Entries taken from a collection
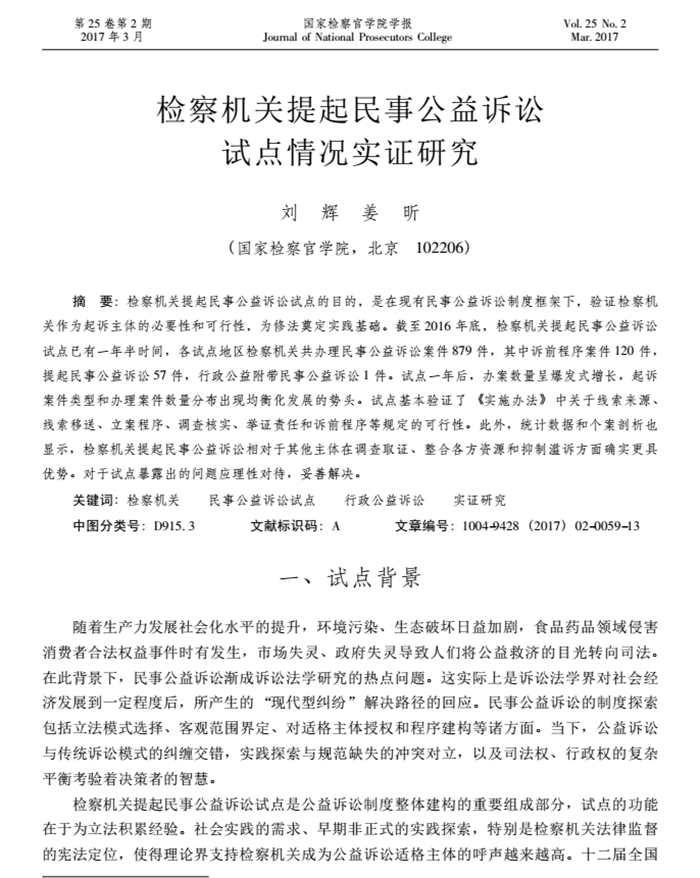 劉輝、姜昕:檢察機關提起民事公益訴訟點情況實證研究
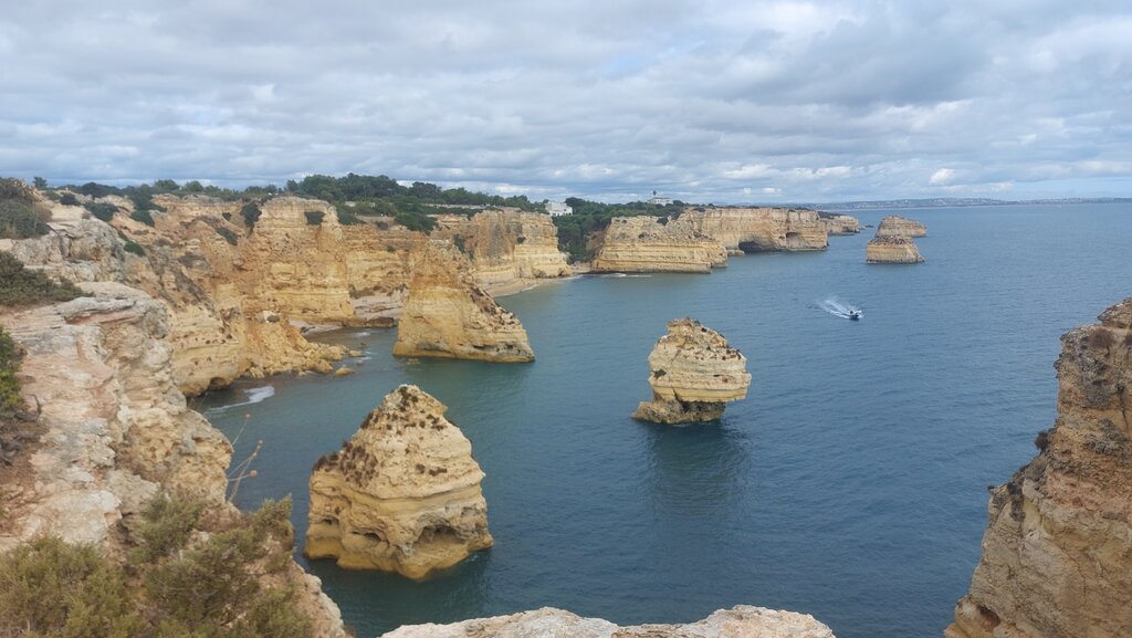<Von Ferragudo auf einem beeindruckenden Klippenweg über steile Felsen, ausgehöhlte Kalksteinformationen und versteckte Sandstrände bis nach Carvoeiro, wo die Einkehr in einer Strandbar lockt. Anschließend setzen Sie Ihren Weg durch die sieben hängenden Täler fort, einem herrlichen Küstenpfad, der durch sieben Einschnitte vorbei an unzähligen Felsgebilden bis zur Praia da Marinha führt.
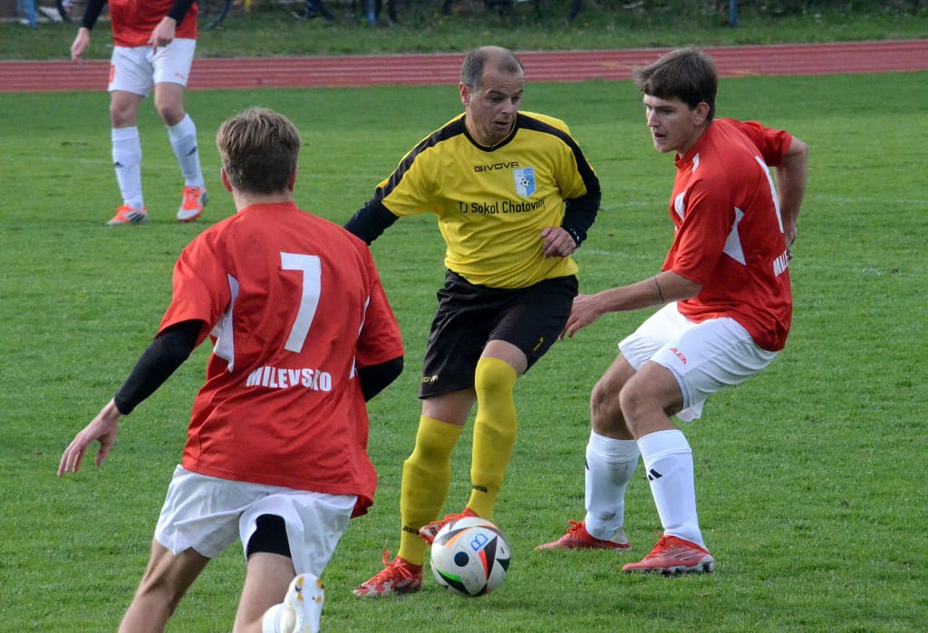 MILEVSKO – Rozdíl v produktivitě byl jazýčkem na vahách dnešního utkání osmého kola nejnižší krajské soutěže I. B třídy mezi Milevskem B a Chotovinami. Hosté, opírající se už několik sezon hlavně o zkušeného a šikovného špílmachra Volodymyra Bondareva, byli v první půli aktivnější a hrálo se hlavně na jejich útočné polovině. Domácí vzduchotechnici ale přežili několik šancí, když výrazně pomohl i gólman Michal Hejl, aby v závěru první půle dvěma slepenými góly poslal domácí do až nezaslouženého vedení 2:0 Šimon Kutil. Poslední třetí hřebíček pak opařeným Chotovinám zatloukl po přestávce Pavel Dvořák.
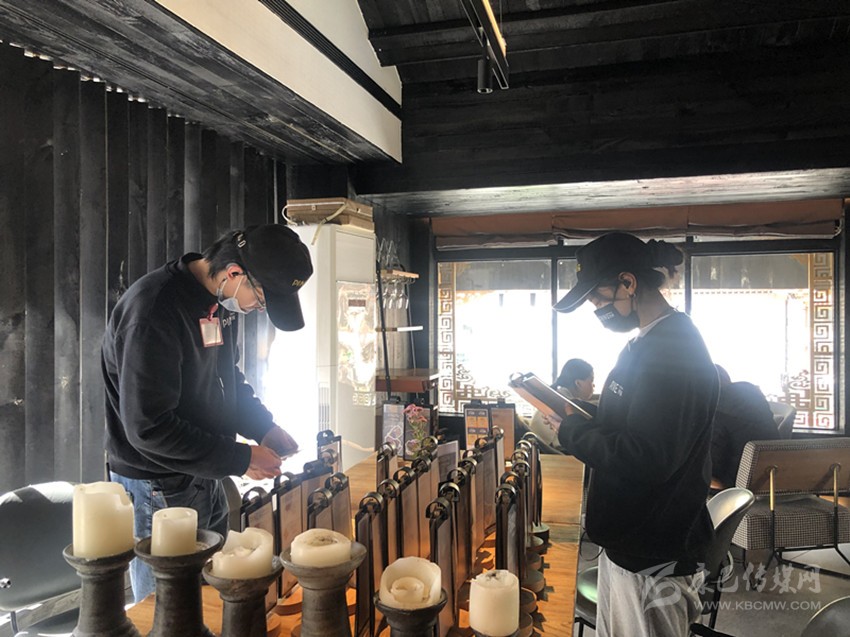 青棵餐吧的店員正在準(zhǔn)備情人節(jié)套餐宣傳臺(tái)卡。
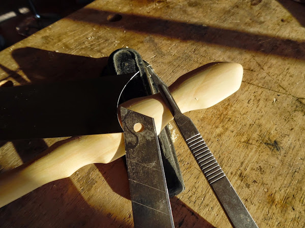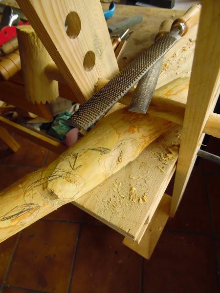 Esta es una escofina de grano grueso con lo cual hay que tenerlo en cuenta a la hora de trabajar y no acercarnos hasta la línea marcada ya que deja unos surcos bastantes profundos en la madera. Para acercarnos a la línea utilizaremos la lija.
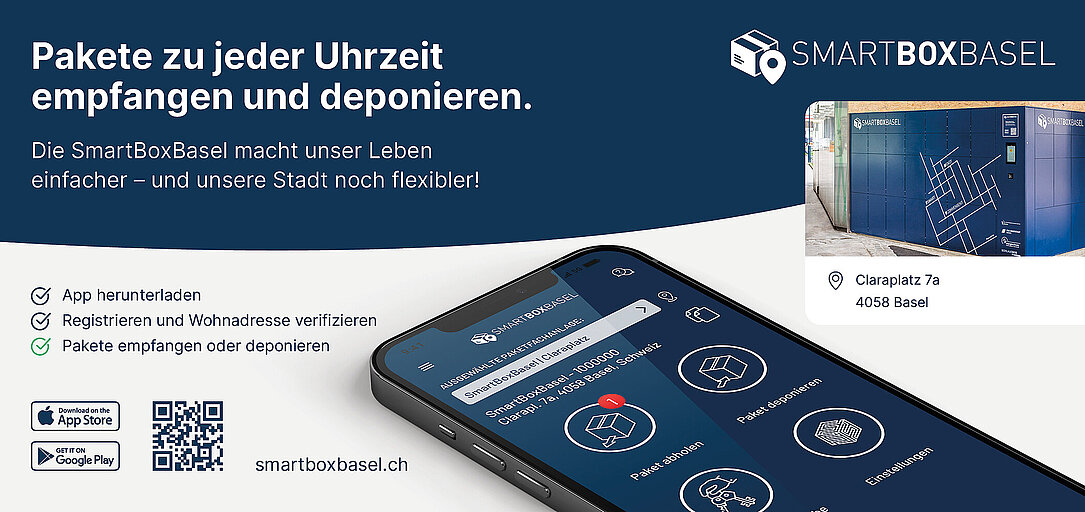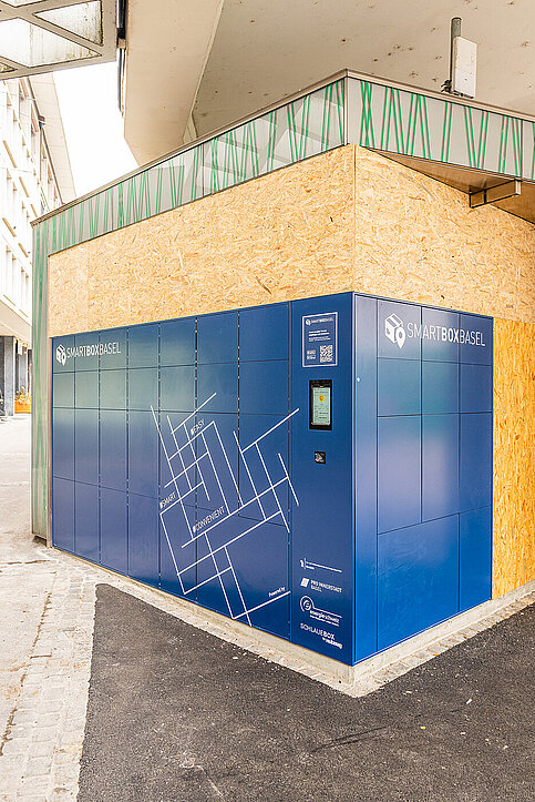 Mit der SmartBoxBasel ist seit März 2021 eine neue, anbieterneutrale Paketanlage in Betrieb. Diese erlaubt den Baslerinnen und Baslern als flexible, zeitsparende und kostenlose Lösung mittels App zu jeder Uhrzeit Pakete zu empfangen und zu deponieren.

PROBLEM DETAILS :: The records above should be repeated exactly, with no pictures in the copy.

RESPONSE BELOW ::
 劉輝、姜昕:檢察機關提起民事公益訴訟點情況實證研究
<Von Ferragudo auf einem beeindruckenden Klippenweg über steile Felsen, ausgehöhlte Kalksteinformationen und versteckte Sandstrände bis nach Carvoeiro, wo die Einkehr in einer Strandbar lockt. Anschließend setzen Sie Ihren Weg durch die sieben hängenden Täler fort, einem herrlichen Küstenpfad, der durch sieben Einschnitte vorbei an unzähligen Felsgebilden bis zur Praia da Marinha führt.
 MILEVSKO – Rozdíl v produktivitě byl jazýčkem na vahách dnešního utkání osmého kola nejnižší krajské soutěže I. B třídy mezi Milevskem B a Chotovinami. Hosté, opírající se už několik sezon hlavně o zkušeného a šikovného špílmachra Volodymyra Bondareva, byli v první půli aktivnější a hrálo se hlavně na jejich útočné polovině. Domácí vzduchotechnici ale přežili několik šancí, když výrazně pomohl i gólman Michal Hejl, aby v závěru první půle dvěma slepenými góly poslal domácí do až nezaslouženého vedení 2:0 Šimon Kutil. Poslední třetí hřebíček pak opařeným Chotovinám zatloukl po přestávce Pavel Dvořák.
 青棵餐吧的店員正在準(zhǔn)備情人節(jié)套餐宣傳臺(tái)卡。
 Esta es una escofina de grano grueso con lo cual hay que tenerlo en cuenta a la hora de trabajar y no acercarnos hasta la línea marcada ya que deja unos surcos bastantes profundos en la madera. Para acercarnos a la línea utilizaremos la lija.
 Mit der SmartBoxBasel ist seit März 2021 eine neue, anbieterneutrale Paketanlage in Betrieb. Diese erlaubt den Baslerinnen und Baslern als flexible, zeitsparende und kostenlose Lösung mittels App zu jeder Uhrzeit Pakete zu empfangen und zu deponieren.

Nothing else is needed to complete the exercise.